Рахиль и Лия были неразлучны, а предоставленная им свобода уже допускала злоупотребления и делала их в моих глазах лёгкой добычей. И я, старый лис, пробравшийся на голубятню, не замедлил расставить свои сети. Да и любой другой, если говорить о людях без предрассудков, поступил бы точно так же. Отцы и матери, если вы читаете эту книгу, а ведь пишу я именно для вас, выслушайте мой совет: не оставляйте ваших дочерей наедине друг с другом, не доверяйте свою единственную дочь её приятельнице, лучше отпустите на променад, на бал, в театр, пусть даже в обществе молодого человека. Здесь, конечно, есть опасность, но она не столь велика. Наедине с предметом своей любви девица всегда воздвигает некоторые препоны, но ежели она вместе с подругой окажется в обществе искусного любезника, обе девы пропали. Стоит одной из них уступить хоть в какой-то малости, это побудит другую следовать её примеру. Ведь лучший способ избежать стыда заключается в том, чтобы разделить его с кем-нибудь. К тому же, зрелище наслаждений и восторгов подруги возбуждает чувства молодой девицы намного сильнее самых смелых прикосновений. Пусть не ссылаются на невинность младого возраста — чем в большем неведении остаётся девица о цели совращения, тем вернее будет её падение. Горячность нрава, смешанная с любопытством, увлекает её, и как только представляется случай, всё кончено.
Шестнадцатилетняя Рахиль была маленькая, пухленькая, с миниатюрными ножками, томными и в то же время целомудренными глазами, многообещающей грудью и длинными чёрными волосами. Прибавьте ещё два года, высокий рост, более сложившиеся формы, пламенный взгляд, высокомерную улыбку, чувственные губы, и перед вами портрет Лии. Мне нравились обе, но я не смог бы овладеть которой-нибудь в отдельности. Лия, как старшая и более созревшая, помогла мне в покусительстве на младшую сестру, конечно, непреднамеренно и почти не сознавая того. Одна отдалась по горячности, другая — скорее от удивления перед собственными чувствами. Лия оказалась страстной и кокетливой, Рахиль — невинной и доверчивой. Обе жертвы были принесены в один день.
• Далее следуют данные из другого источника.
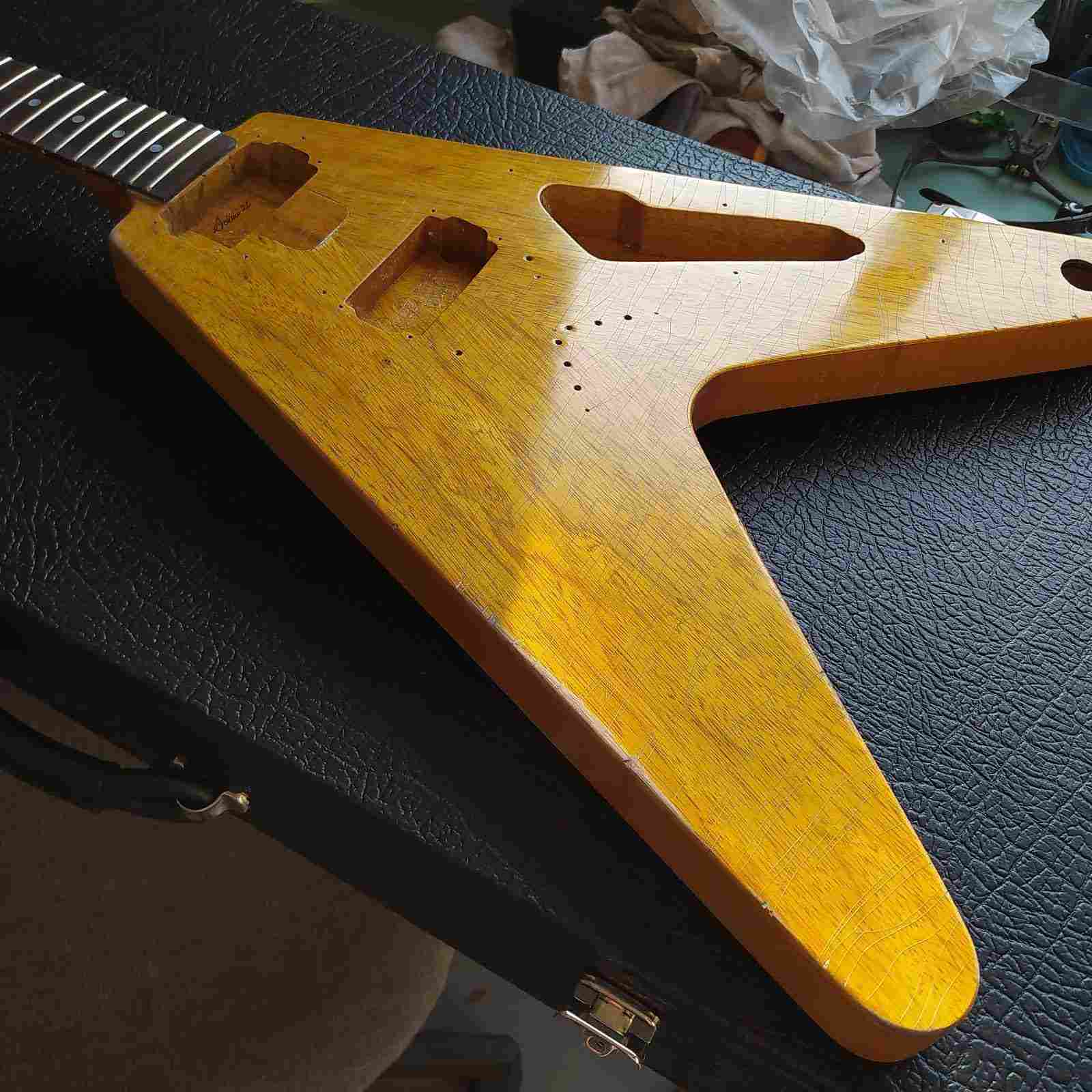 I'm an Italian luthier. I do everything by hands, so any type of customization are possible. I build this guitar on order, I use only first quality Korina white limba solid wood and Brazilian Rosewood for the fingerboard. I don't assemble, so I don't order necks and bodies from external suppliers, I do everything by hand starting from the raw wood, so it is also possible to request special neck profiles or other customizations. The finish is aged nitrocellulose (customer can choose how much aged affect you want). The weight of this one in the photo is 3.8Kg and is well balanced . Also pickups are handwounded by me and are a PAF 59 replica with a value around 7.5/7.6 kOhm neck and 8.5/9.0 kOhm bridge, alnico V magnet. I always do insured shipping, so in case of damage the full amount will be paid by the courier. Paolo Sonicguitars

Сия двойная удача, как я и предчувствовал, оказалась для меня последней. Именно в это время и, пожалуй, первый раз за всю жизнь, мне пришлось, взглянув на прошлое, пожалеть о нём и содрогнуться при мысли о пятидесяти годах, к которым я летел на всех парусах. У меня уже не осталось никаких очарований, только сомнительная репутация и напрасные сожаления, а впереди — лишь бремя старости без достатка и пристанища. Писанием своих записок я занялся с единственной целью отвлечься от сих печальных размышлений, а также в сугубо моральных видах. Получившаяся картина моей жизни может быть излишне откровенна. Впрочем, записки эти, если у кого-нибудь возникнет на то желание, могут явиться в печати, но мне сие, как и всё остальное, уже совершенно безразлично.